Pope angry over crucified green frog sculpture
ROME (Reuters) - A modern art sculpture portraying a crucified green frog holding a beer mug and an egg that Pope Benedict has condemned as blasphemous may have its days numbered.
The board of the Museion museum in the northern city of Bolzano were meeting on Thursday to choose whether to side with the pope and other opponents of the frog or with proponents who say it should be defended as a work of art.
The wooden sculpture by the late German artist Martin Kippenberger depicts a frog about 1 metre 30 cm (4 feet) high nailed to brown cross and holding a beer mug in one outstretched hand and an egg in another.
Called "Zuerst die Fuesse," (Feet First), it wears a green loin cloth and is nailed through the hands and the feet in the manner of Jesus Christ. Its green tongue hangs out of its mouth.

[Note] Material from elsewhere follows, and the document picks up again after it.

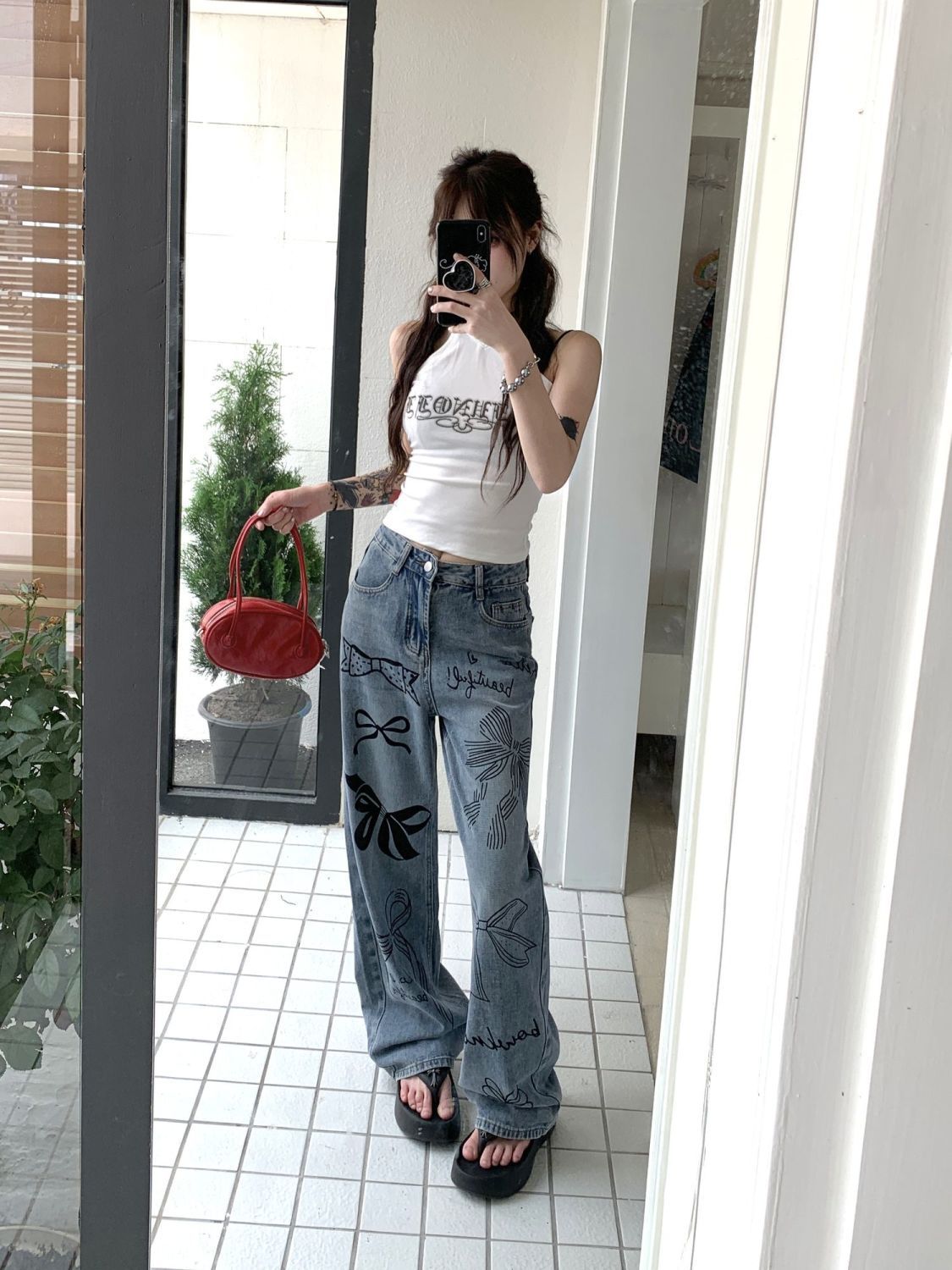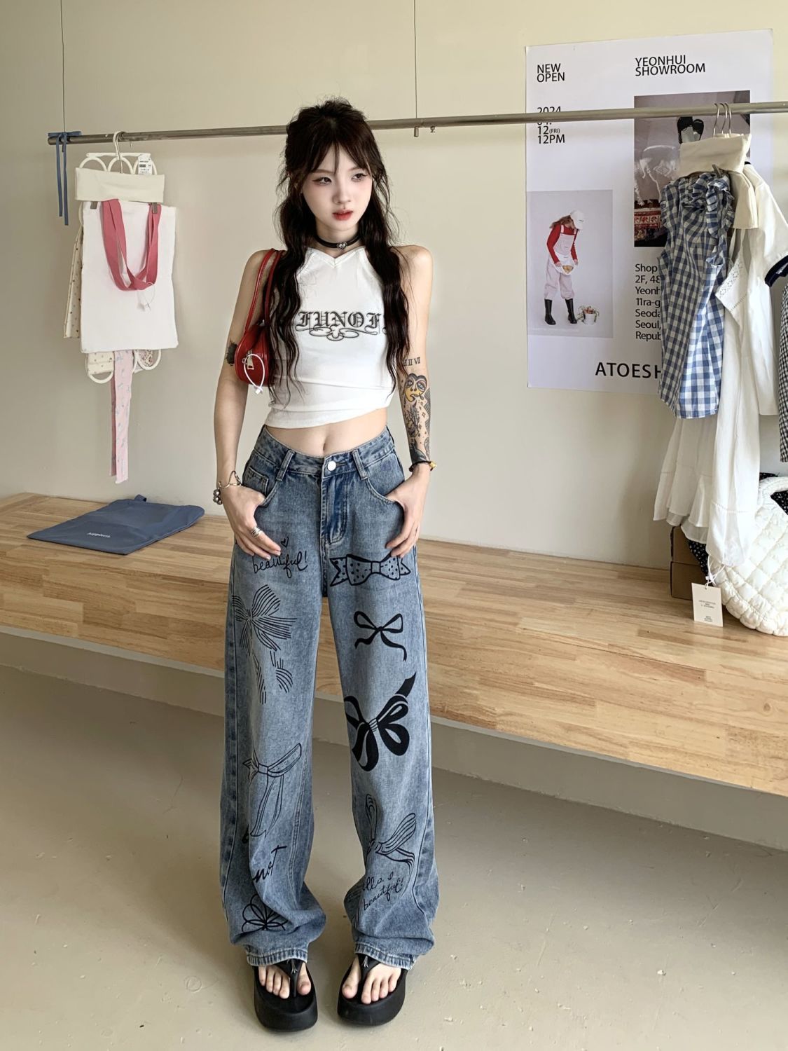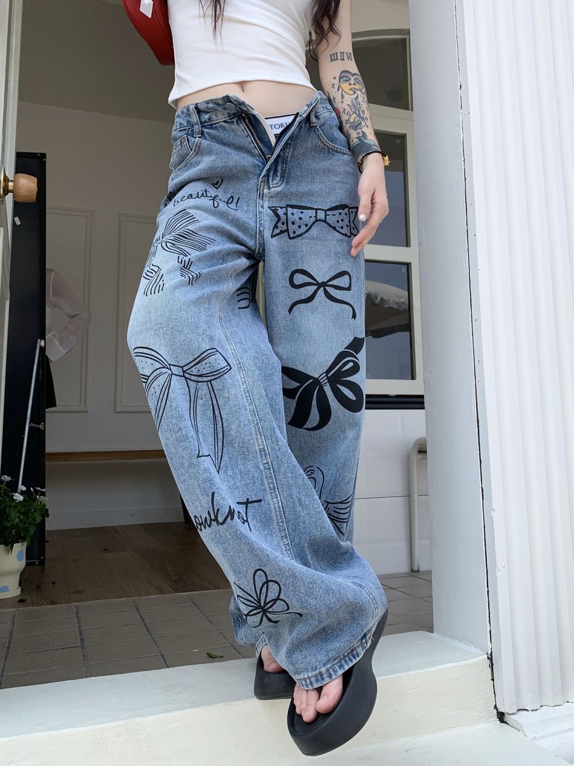 여성을 위한 디자인 니치 그래피티 청바지, 봄, 가을 새로운 스타일, 헤비 프린트, 루즈하고 다재다능한 와이드 레그 바닥 길이 바지스토어 가기

Kippenberger's work has been shown at the Tate Modern and the Saatchi Gallery in London and at the Venice Biennale, and retrospectives are planned in Los Angeles and New York.
Museum officials in the northern bi-lingual Alto Adige region near the Austrian border said the artist, who died in 1997, considered it a self-portrait illustrating human angst.
Pope Benedict, who is German himself and was recently on holiday not far from Bolzano, obviously did not agree.
The Vatican wrote a letter of support in the pope's name to Franz Pahl, president of the regional government who opposed the sculpture. Continued...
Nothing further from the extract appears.